# [Task inputs]

--- START ---

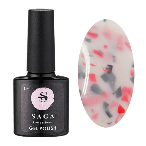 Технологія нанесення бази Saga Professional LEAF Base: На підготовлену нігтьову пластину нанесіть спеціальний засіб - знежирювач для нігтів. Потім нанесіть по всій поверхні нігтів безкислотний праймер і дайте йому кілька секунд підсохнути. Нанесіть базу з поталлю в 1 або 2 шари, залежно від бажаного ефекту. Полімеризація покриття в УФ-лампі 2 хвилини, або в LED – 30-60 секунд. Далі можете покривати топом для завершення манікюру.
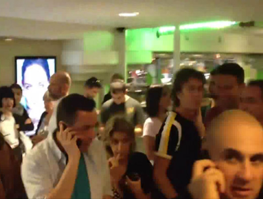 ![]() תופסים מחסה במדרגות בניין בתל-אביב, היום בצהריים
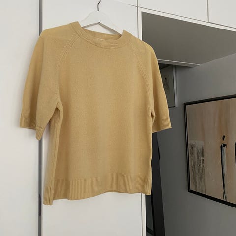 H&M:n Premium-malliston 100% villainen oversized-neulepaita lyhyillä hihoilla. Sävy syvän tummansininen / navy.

--- END ---
--- START ---

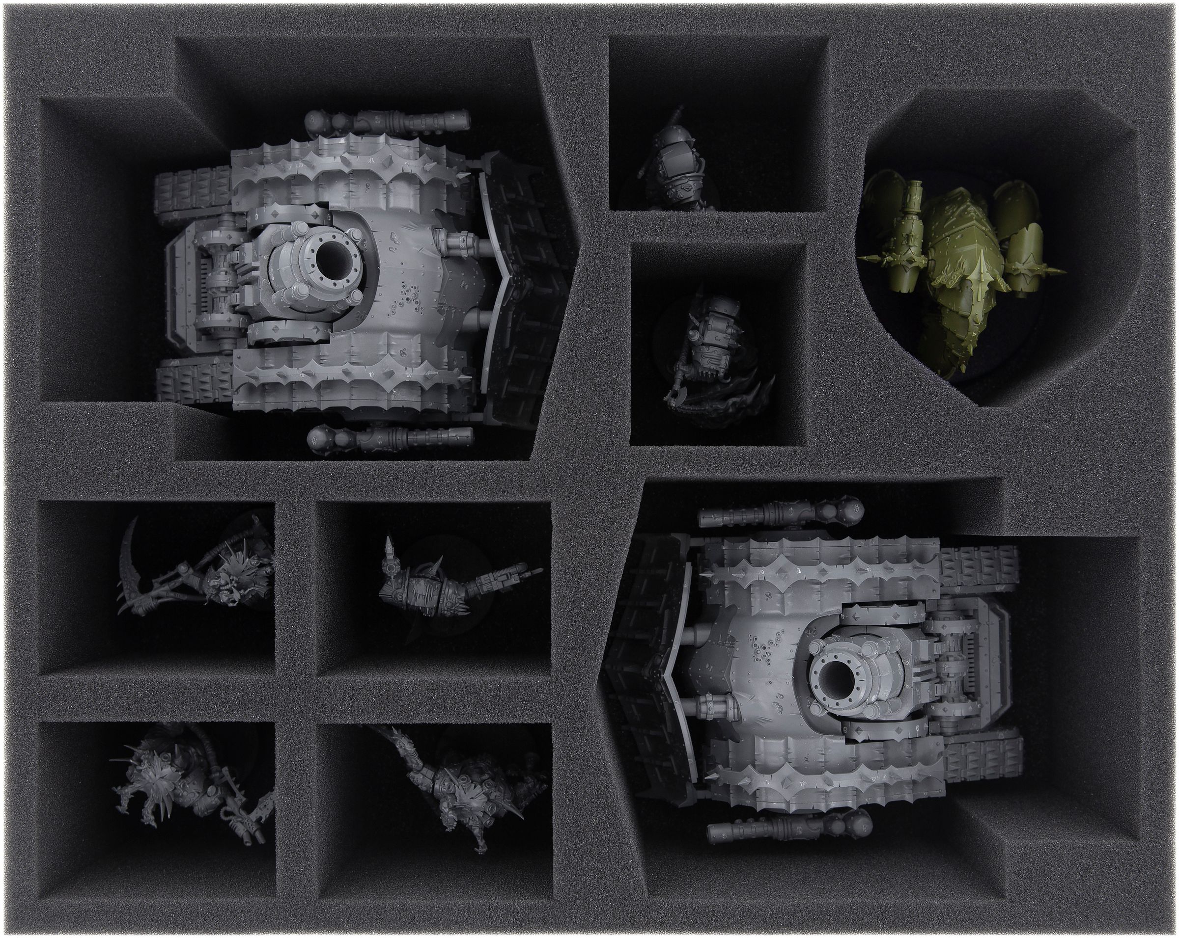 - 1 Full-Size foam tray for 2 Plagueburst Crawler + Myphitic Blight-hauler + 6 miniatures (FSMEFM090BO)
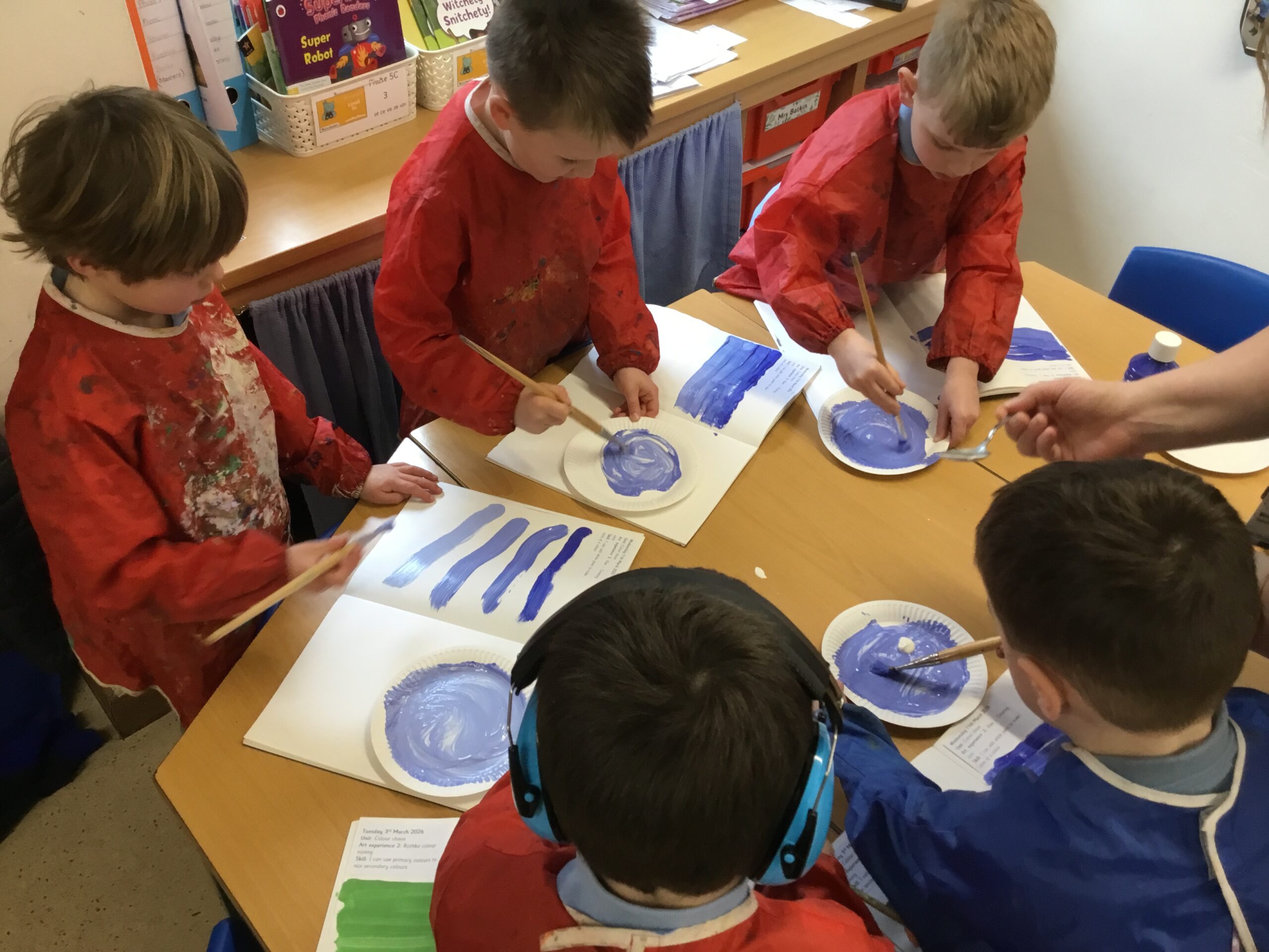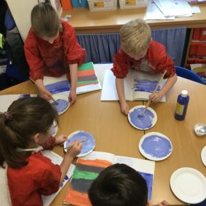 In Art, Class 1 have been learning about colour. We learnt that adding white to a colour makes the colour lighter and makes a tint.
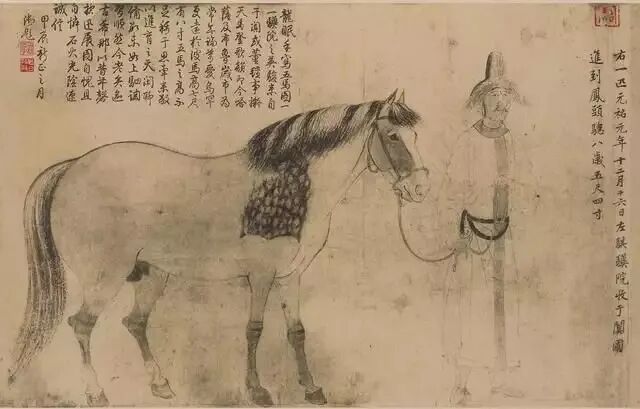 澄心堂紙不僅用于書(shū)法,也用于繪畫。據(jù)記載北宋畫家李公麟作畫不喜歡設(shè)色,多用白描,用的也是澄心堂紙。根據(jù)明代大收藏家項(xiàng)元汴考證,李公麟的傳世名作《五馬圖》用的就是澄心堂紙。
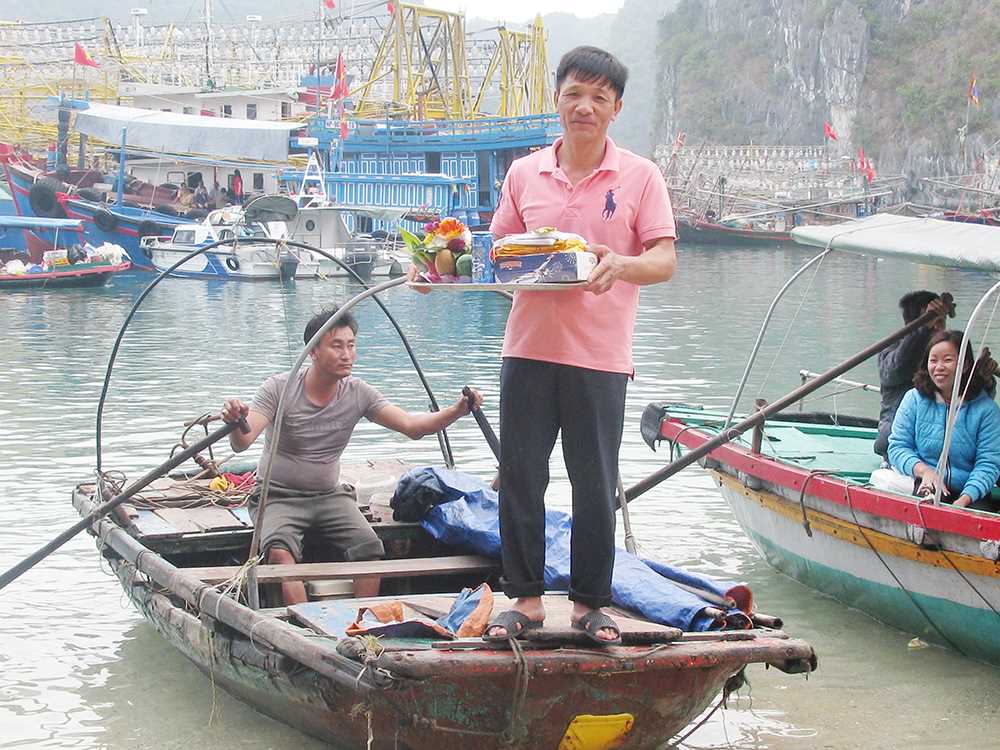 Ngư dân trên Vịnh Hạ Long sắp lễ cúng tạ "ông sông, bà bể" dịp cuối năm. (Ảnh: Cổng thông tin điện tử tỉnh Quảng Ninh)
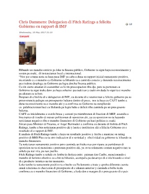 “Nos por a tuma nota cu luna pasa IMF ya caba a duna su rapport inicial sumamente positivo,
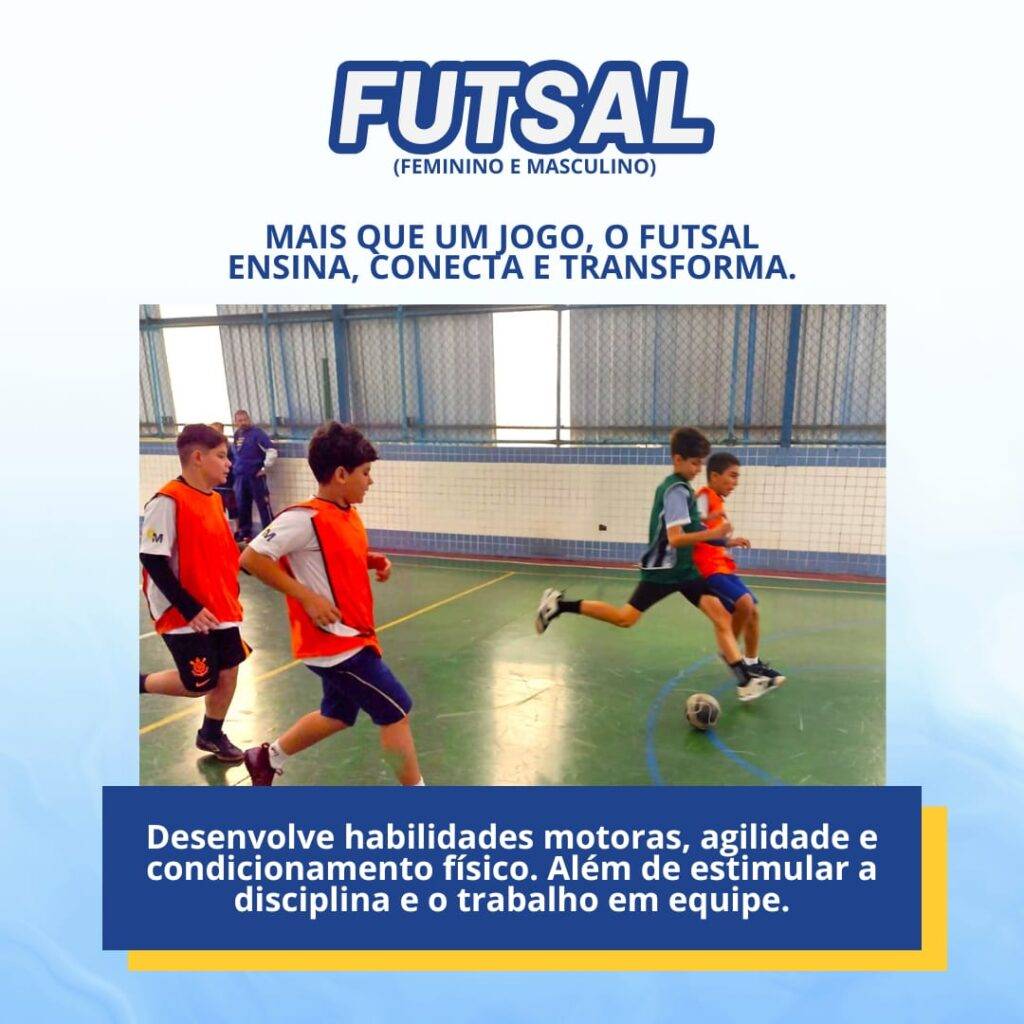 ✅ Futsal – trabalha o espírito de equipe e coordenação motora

--- END ---
--- START ---

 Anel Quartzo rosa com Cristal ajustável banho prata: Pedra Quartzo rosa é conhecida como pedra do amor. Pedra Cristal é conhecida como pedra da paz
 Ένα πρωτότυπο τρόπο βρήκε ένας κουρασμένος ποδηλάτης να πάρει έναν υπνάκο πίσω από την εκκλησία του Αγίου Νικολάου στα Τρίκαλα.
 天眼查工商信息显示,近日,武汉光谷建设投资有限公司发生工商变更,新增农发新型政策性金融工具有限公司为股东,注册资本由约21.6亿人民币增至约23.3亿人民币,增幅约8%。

--- END ---

# [The problem]
Starting at the line containing "Технологія нанесення бази" and stopping at the line containing "H&M:n Premium-malliston 100%", output each line exactly as it appears above. Leave out the pictures.

# [Problem solution]
 Технологія нанесення бази Saga Professional LEAF Base: На підготовлену нігтьову пластину нанесіть спеціальний засіб - знежирювач для нігтів. Потім нанесіть по всій поверхні нігтів безкислотний праймер і дайте йому кілька секунд підсохнути. Нанесіть базу з поталлю в 1 або 2 шари, залежно від бажаного ефекту. Полімеризація покриття в УФ-лампі 2 хвилини, або в LED – 30-60 секунд. Далі можете покривати топом для завершення манікюру.
 ![]() תופסים מחסה במדרגות בניין בתל-אביב, היום בצהריים
 H&M:n Premium-malliston 100% villainen oversized-neulepaita lyhyillä hihoilla. Sävy syvän tummansininen / navy.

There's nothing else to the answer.